##### THE INPUT
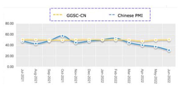 In June 2022 two sub-indexes of GGSC-CN were flat and
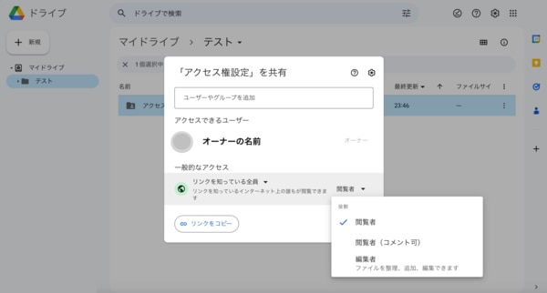 これらのアクセス権限を設定するには、共有設定画面でロールを変更することができます。たとえば、所有者の権限を変更するには、共有設定画面でロールを変更することができます。また、編集者の権限は、ファイルやフォルダーに対する編集権限を保持しています。閲覧者の権限は、ファイルやフォルダーに対する閲覧権限を保持しています。
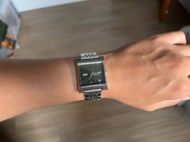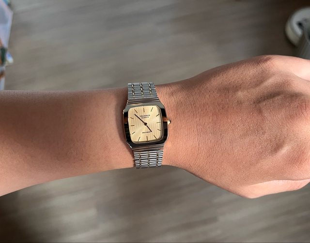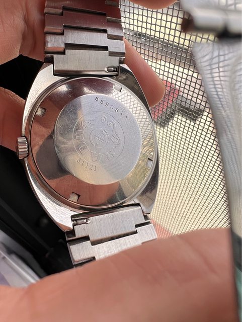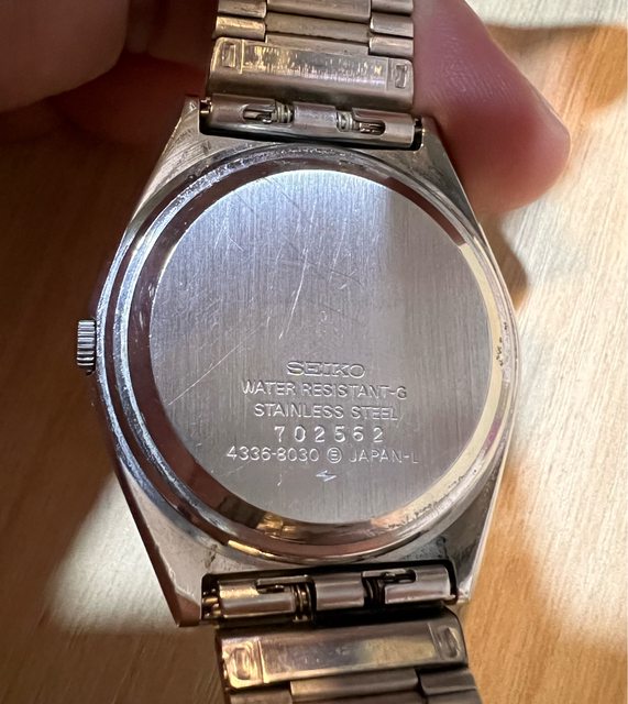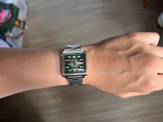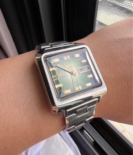 5.精工方塊酥-4000售出 機芯:自/手動上鍊 錶徑:約36(含錶冠 手圍:16.5cm 走時快調都正常 膠化玻璃,有打磨過,微細紋 含錶帶
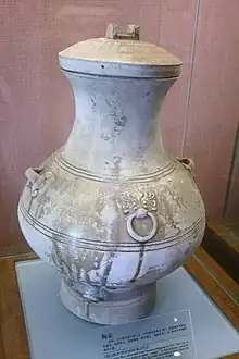 During the Han dynasty, the power a government official exercised was determined by his annual salary-rank, measured in grain units known as dan, shi or shih (, a unit of volume, approximately 35 litres (0.99 US bsh)). However, approximately half an official's salary in grain was made in payments of cash coins,[1] the standard of which, after 119 BC, was the wushu (五銖) coin measuring 3.2 g (0.11 oz).[2] The other half of an official's salary consisted of unhusked grain and husked grain measured in hu (觳, approximately 20 L / 676 oz); since one hu of unhusked grain was equal to 100 coins and one hu of husked grain was equal to 160 coins, the conversion ratio for unhusked grain to husked grain was 10 to 6 (see table below).[3] The most senior officials in central government earned a 10,000-dan salary. The officials who oversaw nine specialized ministries each earned the Fully 2,000-dan rank, while the magistrate of a county earned a 600-dan rank.[4] Occasionally, emperors bestowed luxurious gifts of wine, foodstuffs, and silk clothes upon high officials. These gifts, in some generous cases, could equal as much as half the value of the officials' standard annual salary.[5] Aged officials were often retired from service and given a pension.[6] Below is a table outlining salaries measured in coin cash, unhusked grain, and husked grain for the highest to lowest-paid officials in Han officialdom:[7]
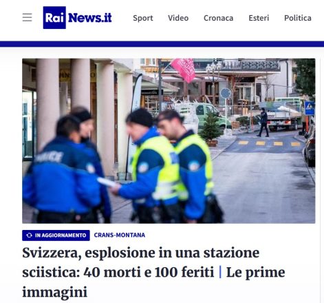 Ματωμένη Πρωτοχρονιά από έκρηξη που προκλήθηκε από πυρκαγιά τα ξημερώματα σε υπόγειο μπαρ στο Κραν Μοντανά, την πολυτελή αλπική πόλη, με το ομώνυμο χιονοδρομικό κέντρο, σκότωσε τουλάχιστον 40 ανθρώπους ενώ τραυμάτισε 100 άλλους, το πρωί της Πρωτοχρονιάς.
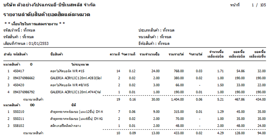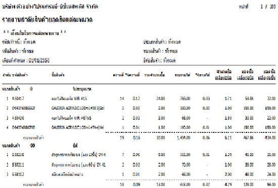 แต่ละหมวดหมู่ยังสามารถแบ่งแยกยี่ห้อ ซึ่งมีประโยชน์ในการคัดเลือกสินค้า และบริหารสินค้าคงคลัง ตลอดจน วิเคราะห์ได้ในลักษณะพิเศษของสินค้าเช่น ปากกาสีดำ 5 ลำดับขายดีคือยี่ห้อใด ปากกาสีต่าง ๆ ที่ขายได้คือสีใดบ้าง และเป็นของยี่ห้อไหน ลำดับการขายดีของสินค้าและวิเคราะห์สต็อก Ratio ทั้งหมดเพื่อคัดสรรสินค้าที่คุ้ม และเพื่อการบริหารจัดการสินค้าที่ไม่เคลื่อนไหว
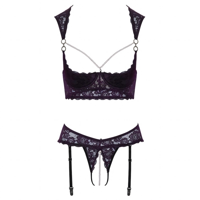 Longline lift and suspender roistering ouvert combined in the set from Cottelli LINGERIE. Made of dark purple lace with black details, decorated with silver rings and white beads. The underwire with lightly padded cups brings the breasts into top shape and directly into view. The pearl necklace that frames the breasts is removable with its small snap hooks. Refined strap solution with lace on the shoulders, and a small fastener at the neck. The straps and hook closure are adjustable in the back. The Garter Rio seduces with a stimulating pearl necklace in the open crotch, which is removable just like the 6 adjustable suspenders.
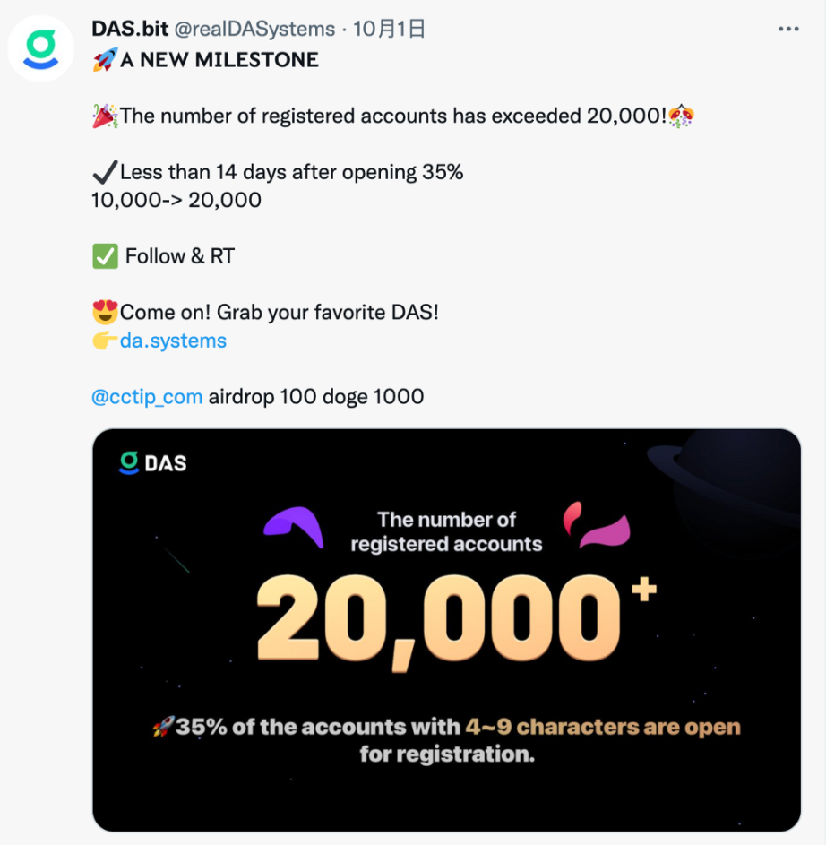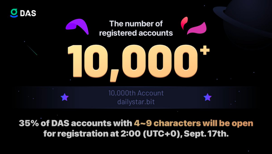 在开放 4–9 位的 35% 以及 10 位以上的全量账号后,在不到两周的时间里,注册量就到 1 万。使得国庆这一天到来时,DAS 全网注册账号数突破 2 万个。
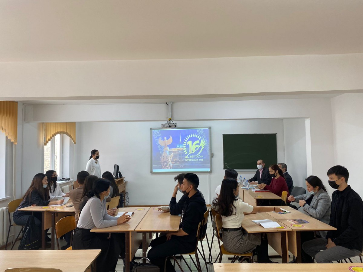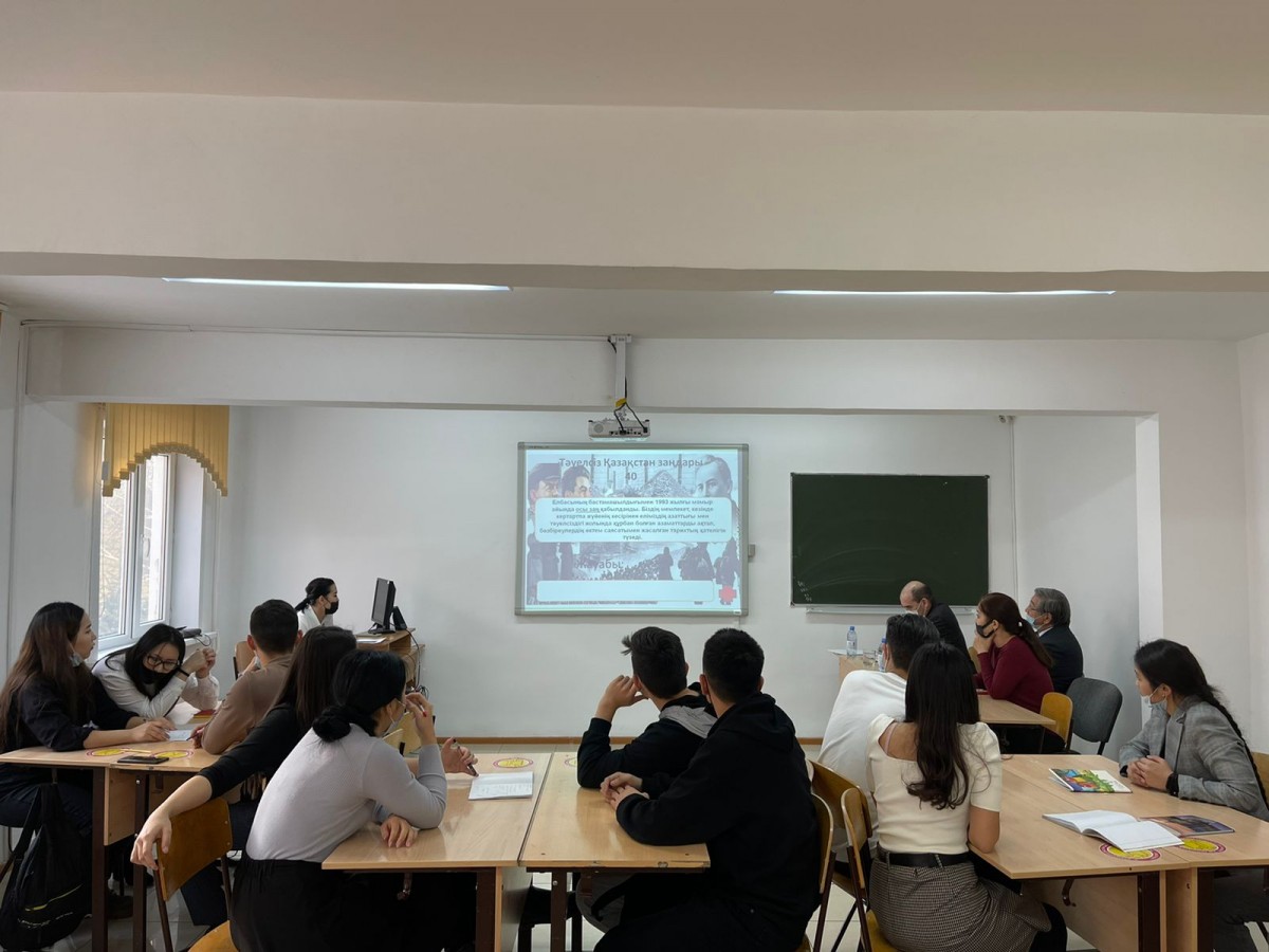 Организатор интеллектуальной игры, старший преподаватель кафедры, м.ю.н. Тортаева А.Э. обеспечила проведение игры содержательно и интересно. В игре приняли участие команды «Тәуелсіздік тарландары» (группа ЮК-20-01), «Фемида» (группа ЮК-21-01), «Азат» (группа ЮК-21-02), которые подробно ответили на вопросы всех этапов.
##########
▶ **WHAT IS EXPECTED**: Text only, no pictures: please print exactly the lines above from the line with "Longline lift and" up to and including the line with "在开放 4–9 位的 35%", and nothing else.

▶ **SOLUTION TO THIS TASK**:
 Longline lift and suspender roistering ouvert combined in the set from Cottelli LINGERIE. Made of dark purple lace with black details, decorated with silver rings and white beads. The underwire with lightly padded cups brings the breasts into top shape and directly into view. The pearl necklace that frames the breasts is removable with its small snap hooks. Refined strap solution with lace on the shoulders, and a small fastener at the neck. The straps and hook closure are adjustable in the back. The Garter Rio seduces with a stimulating pearl necklace in the open crotch, which is removable just like the 6 adjustable suspenders.
 在开放 4–9 位的 35% 以及 10 位以上的全量账号后,在不到两周的时间里,注册量就到 1 万。使得国庆这一天到来时,DAS 全网注册账号数突破 2 万个。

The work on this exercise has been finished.